Was it another broken bond? Oh, God, Oh, God…
She took the turn onto Leah’s dirt road driveway and spewed dust as she steadied out. The fine hairs on her arms st
ood straight up as she felt the darkness in the woods that Leah had described. A snarl rippled through her body. The cougar wanted out. The animal inside of her wanted to defend herself. She wanted to survive whatever was happening here.
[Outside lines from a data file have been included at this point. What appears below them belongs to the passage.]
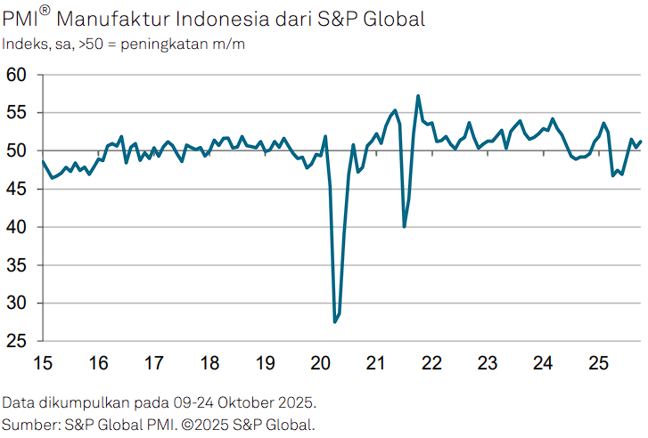 Pencapaian tersebut membuat tiga bulan beruntun manufaktur Indonesia berada di level ekspansi, yang turut mengonfirmasi kenaikan permintaan. Permintaan baru (new orders) naik tiga bulan berturut–turut. Terlebih lagi, pertumbuhan permintaan baru pada Oktober menjadi yang tertinggi sejak Maret atau dalam tujuh bulan.
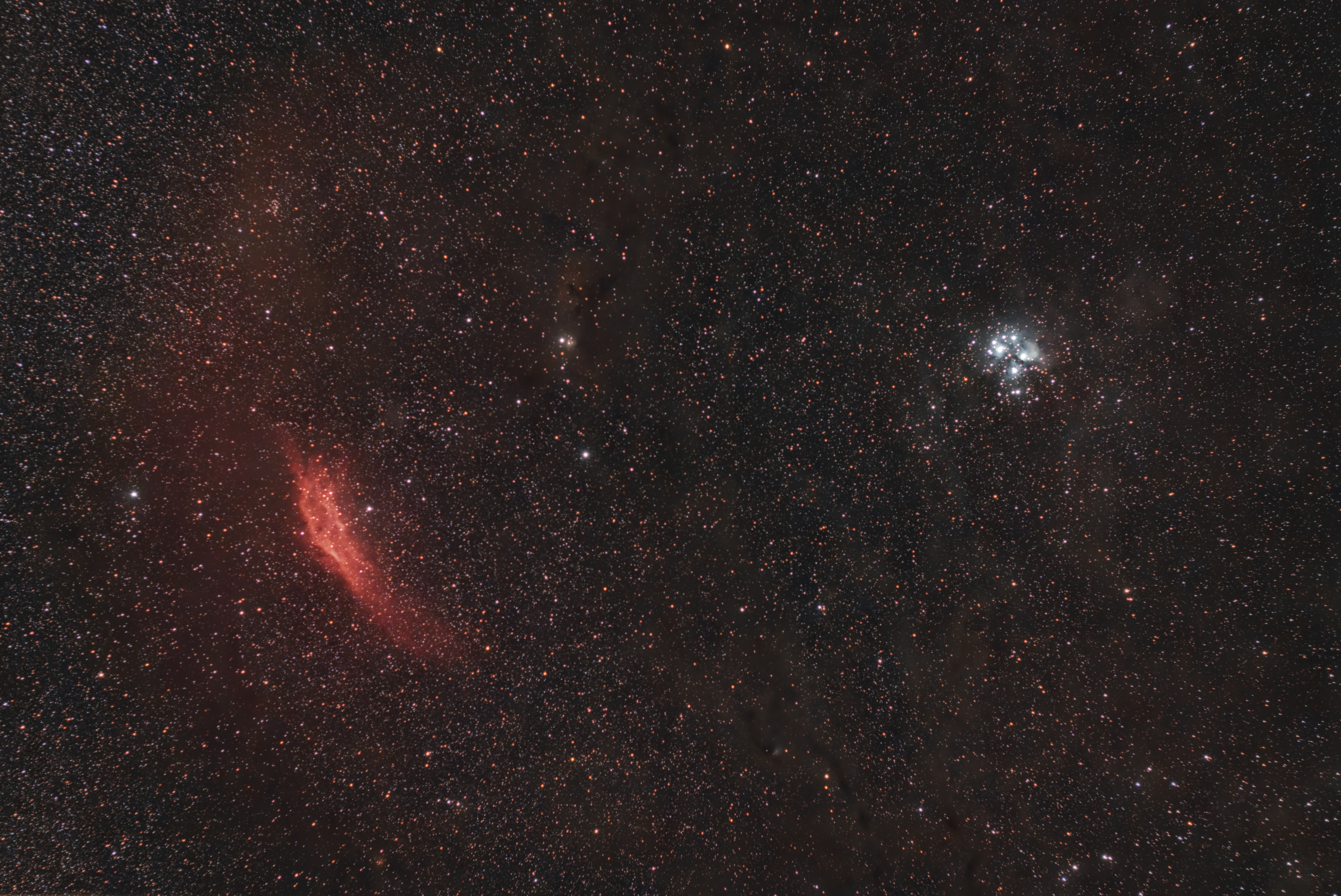 Eine beeindruckende Weitfeldaufnahme, die den offenen Sternhaufen der Plejaden (M45) im Stier mit dem rot leuchtenden Kaliforniennebel (NGC 1499) im Perseus verbindet. Das Bild zeigt die kosmische Nachbarschaft dieser beiden ikonischen Winterobjekte in einem großen Bildfeld.
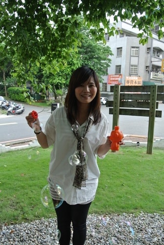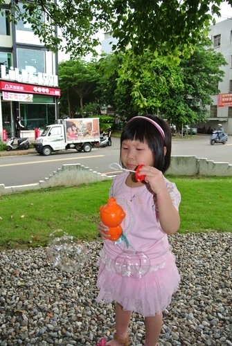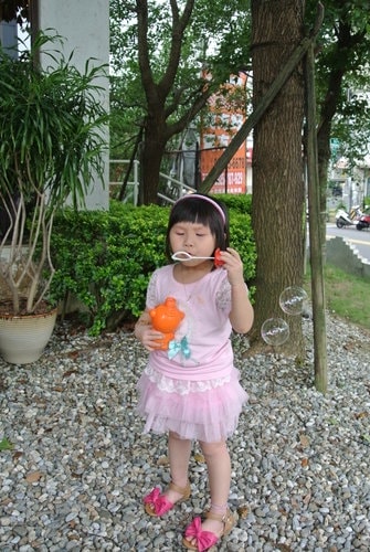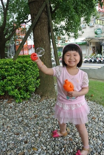 所以我們就陪著萱在外面吹泡泡(其實我也有玩啦)
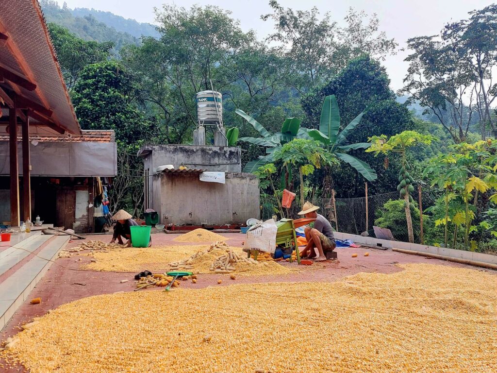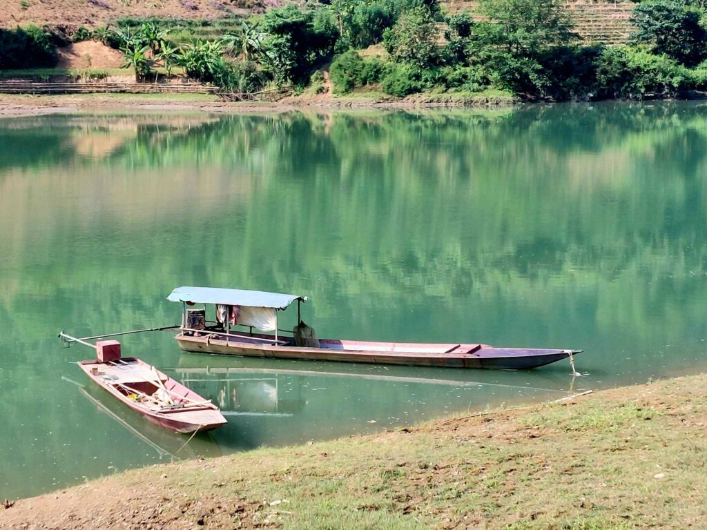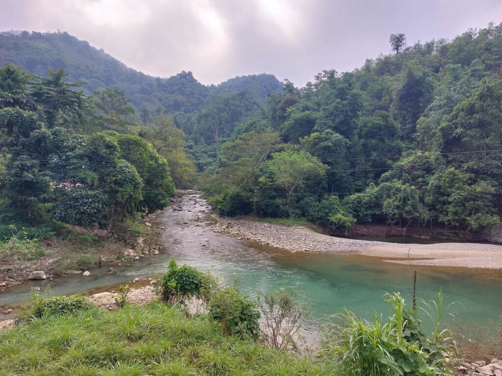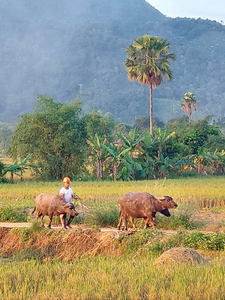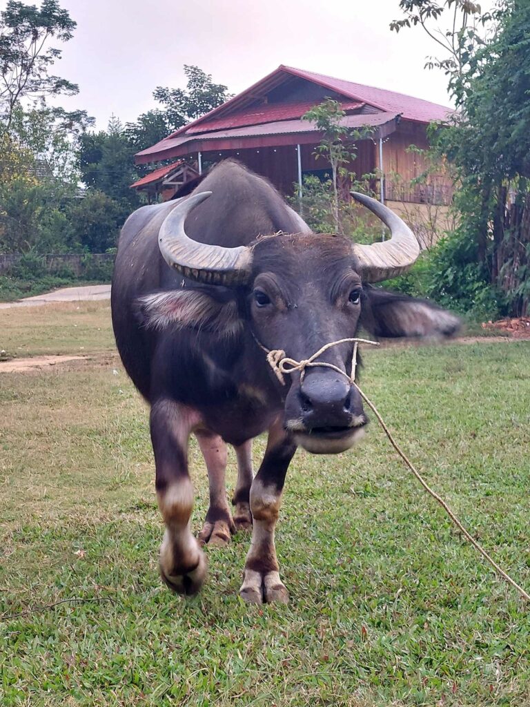 Na 8 dagen Hanoi stappen we, na in totaal na 2,5 week, weer op de fiets. We begeven ons in het drukke verkeer. Net als de vorige keer gaat dit eigenlijk heel gemakkelijk. Wat opvalt is dat er vergeleken met 16 jaar geleden veel minder fietsers op de weg zijn. Iedereen zit op een brommer en hier en daar een auto of vrachtwagen. Ook hier blijft iedereen die van achter komt toeteren. We schrikken ons zelf soms een ongeluk, zo hard. We gaan richting Ha Giang in het noorden. De routeapp Komoot heeft een mooie route voor ons gemaakt waarbij we al snel over kleine paadjes tussen de rijstvelden fietsen. Het nationale dier, de waterbuffel, zien we overal in de modder van die velden, nu de rijst is geoogst. Ook veel vers fruit zoals papaja, pomelo en dragonfruit. Natuurlijk zit er ook weer een pad in waar we de fietsen omhoog moeten duwen. Gelukkig hebben we nu minder bagage, dus dat is iets gemakkelijker. We zien veel plekken waar fineerhout wordt gedroogd. Later bedenken we dat het waarschijnlijk geen fineer is maar hout wat wordt verwerkt tot multiplex platen. We hebben geen tent meer, dat is geen enkel probleem. Er zijn meer dan voldoende hostels, hotels of Homestays. Of zoals ze hier ze meestal noemen: Nha Nghi. Als we in een Bamboe resort zijn en het op een ochtend regent, besluiten we een dag te blijven om een film te editen. In de middag lopen we naar de nabij gelegen waterval.

There was evil in these woods.
Heart in her throat, she slammed on the brakes and skidded to a stop in front of Leah and Ethan’s mansion. It was cloudy today, and the place looked haunted, empty. Trina cut the engine and froze, listening for any movement, any heartbeats. There was one, hammering as hard as hers, racing hers.
Trina dismounted and sniffed the air. Pennies, just like Leah said. Blood. Lots of it.
Under the porch, Leah whined. Big ol’ werewolf hiding under a house? Yeah, whatever was in the woods was bad.
Trina set her helmet on the seat of her Harley and fought back the urge to Change. The monster in the woods was calling to her like a damn siren.
“Come on,” she murmured as she passed the place Leah had dug out under the porch. A massive black werewolf with silver eyes slunk out from under the house and scanned the woods before she loped beside Trina, her ears and tail down, her attention on the woods.
For comfort, Trina rested her hand on the back of the wolf.
Trina would’ve left Leah under that house if it had made her feel safe, but right now she was selfish. She couldn’t look at the dead wolf alone. If it was Kade, she was about to break, so she would put that burden on Leah and ask for forgiveness later.
The scent of blood thickened the air and made it hard to breathe. The wolf had fallen right at the entrance to the woodshop. She could see the mangled body from a distance but couldn’t tell…couldn’t tell…
Trina jogged, then ran. She skidded to a stop right beside the enormous wolf and dropped to her knees as she searched the body. Gray fur, cream tips, just like Kade…but this wasn’t Kade. Gold-green eyes stared back at her. The eyes of Mick, Second of the Wulfe Clan.
“It’s not him,” she chanted in a thick whisper. “It’s not him.”